Mennonites are a bit unique among white people in that we still have a pretty strong cultural identity.  As Meg said when I was talking to her about this, “The upside of a  strong cultural identity as a white person, whether or not it’s an identity you were born into, is that it gives you an identity to hold onto that is not just ‘white person.’ There’s a resilience in that that we do have our own stories and traditions that we can claim that is not just this commercialized white picket fence American Dream that’s been manufactured to fill this gap (of no longer having a culture).”

But that same Mennonite culture can also feel exclusive to people who are not from it; it can become a barrier to entry into the community. People who are not a part of that culture have to work harder to get in. I’ve seen that happen here. And having that distinct culture can sometimes morph into “cultural supremacy,” o it’s not just “We do things this way,” it’s “This is the best way to do things.” Often, this “supremacy” is quite unconscious, but it’s there. 

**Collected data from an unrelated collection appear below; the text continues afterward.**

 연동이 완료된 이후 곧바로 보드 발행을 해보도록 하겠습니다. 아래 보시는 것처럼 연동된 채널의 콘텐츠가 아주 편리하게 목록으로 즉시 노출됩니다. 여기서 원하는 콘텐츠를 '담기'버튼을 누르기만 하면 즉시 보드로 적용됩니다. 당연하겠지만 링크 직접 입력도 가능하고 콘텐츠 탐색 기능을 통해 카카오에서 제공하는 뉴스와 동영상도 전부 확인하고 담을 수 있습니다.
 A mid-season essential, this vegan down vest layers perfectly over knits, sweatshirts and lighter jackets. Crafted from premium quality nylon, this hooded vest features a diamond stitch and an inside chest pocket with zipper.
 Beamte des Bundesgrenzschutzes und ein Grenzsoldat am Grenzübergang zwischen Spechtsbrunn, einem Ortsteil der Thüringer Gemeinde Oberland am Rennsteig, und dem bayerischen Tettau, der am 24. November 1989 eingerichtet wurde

So, to unpack the idea of cultural supremacy a bit more, and how that gets mixed up with whiteness, I want to play a rather extended clip that features Tobin and Glenn. They are both responding to the question, ‘What is the impact of culture in the church?” (28:57-35:35)

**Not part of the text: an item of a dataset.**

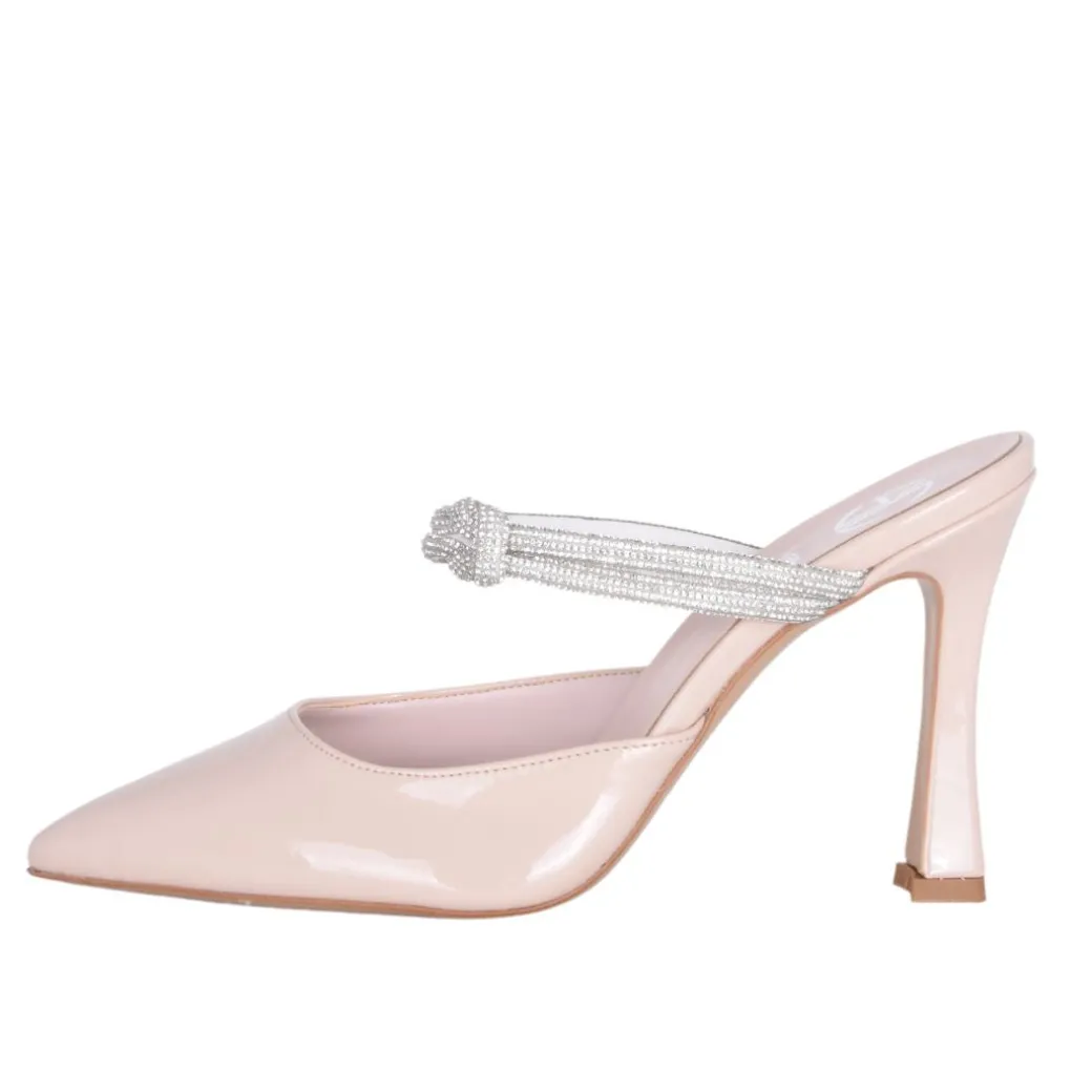 Scarpe a punta vernice nude con strass elegantissime nuovo modello BRUNELLA con tacco a clessidra stabile ed elegante
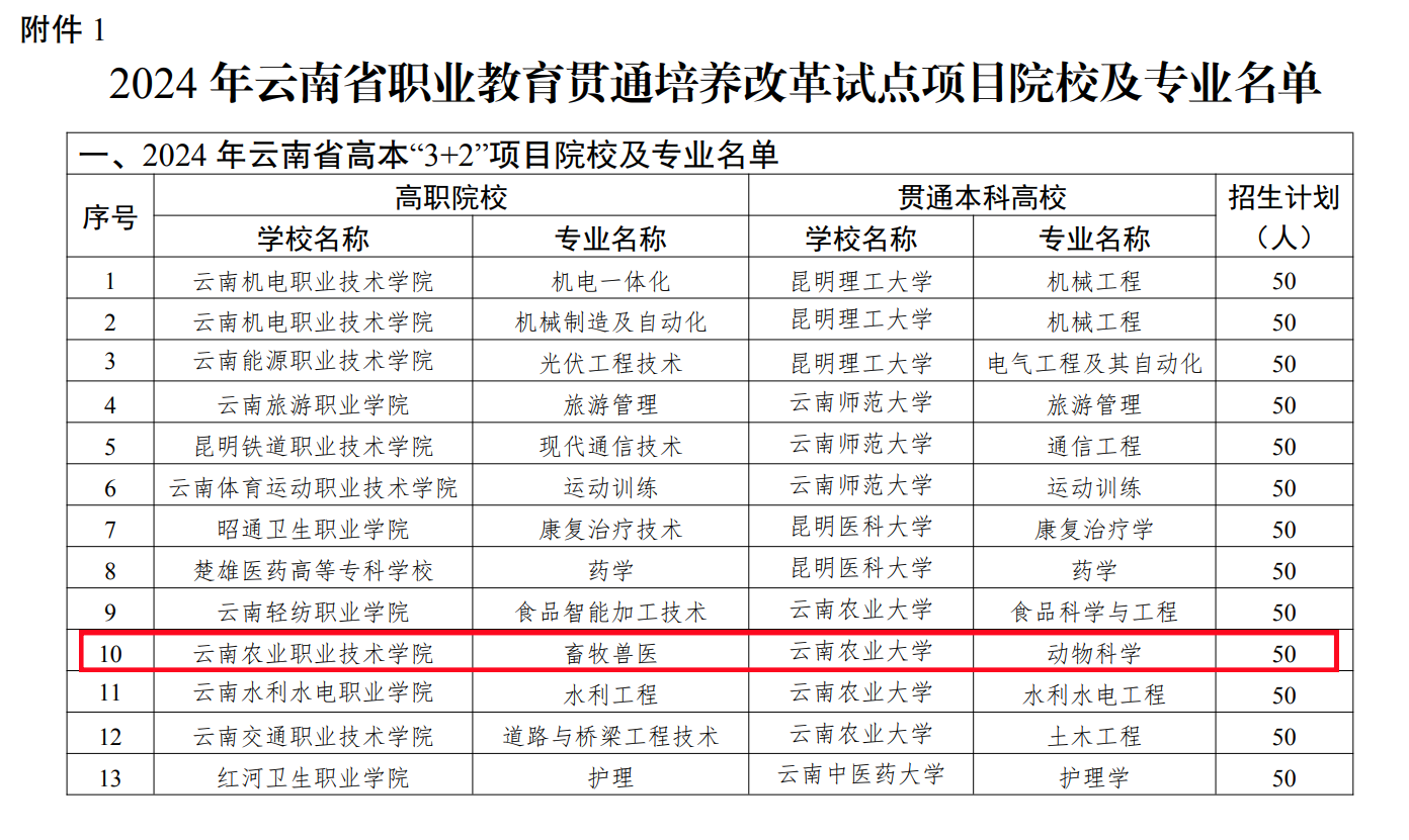 通知中心根据《云南省教育厅关于启动实施2024年职业教育贯通培养改革试点工作的通知》,我院“3+2”贯通培养项目获批,将与云南农业大学开展联合培养。“3+2”贯通培养项目学生在我院完成畜牧兽医专业专科学习,直接进入云南农业大学动物科学专业继续学习2年,毕业后获得全日制统招本科毕业证书和学位证书,第一学历为本科。

One woman wrote in the chat box after Glen spoke: “It is such a relief to hear all this. I am white, middle class but did not grow up Mennonite and still often feel excluded because of the cultural exclusivity.” So cultural supremacy affects not just people of color in the church.

There’s much more that could be said. Again, I encourage you to watch the webinar, sign up for the next one, and please communicate your ideas about next steps for yourself and for the church to Joanna, Pat or myself. 

Our work here is about anti-racism and anti-oppression, but it’s about more than that. It’s not just about what we are against, is it? I selected the passage from Mark to frame this sermon because it talks about what we are working for and why. This work — which can sometimes feel so heavy and so fraught because we’re dealing with centuries of collective trauma — people of color’s trauma, yes, but also white people’s trauma — this work is really about love.  We do it because we want to love God — the Source of Life, our Creator — with all our heart and understanding and strength, and we want to love our neighbor as ourself. When we center our lives in that love, then, Jesus says, we are not far from the kindom of God.  Then we are living in the realm that Jesus came to announce and enact. Then we are living our reason for being as followers of Jesus. Sounds worth it to me! Thank you for being on this journey with me and as a community. Amen.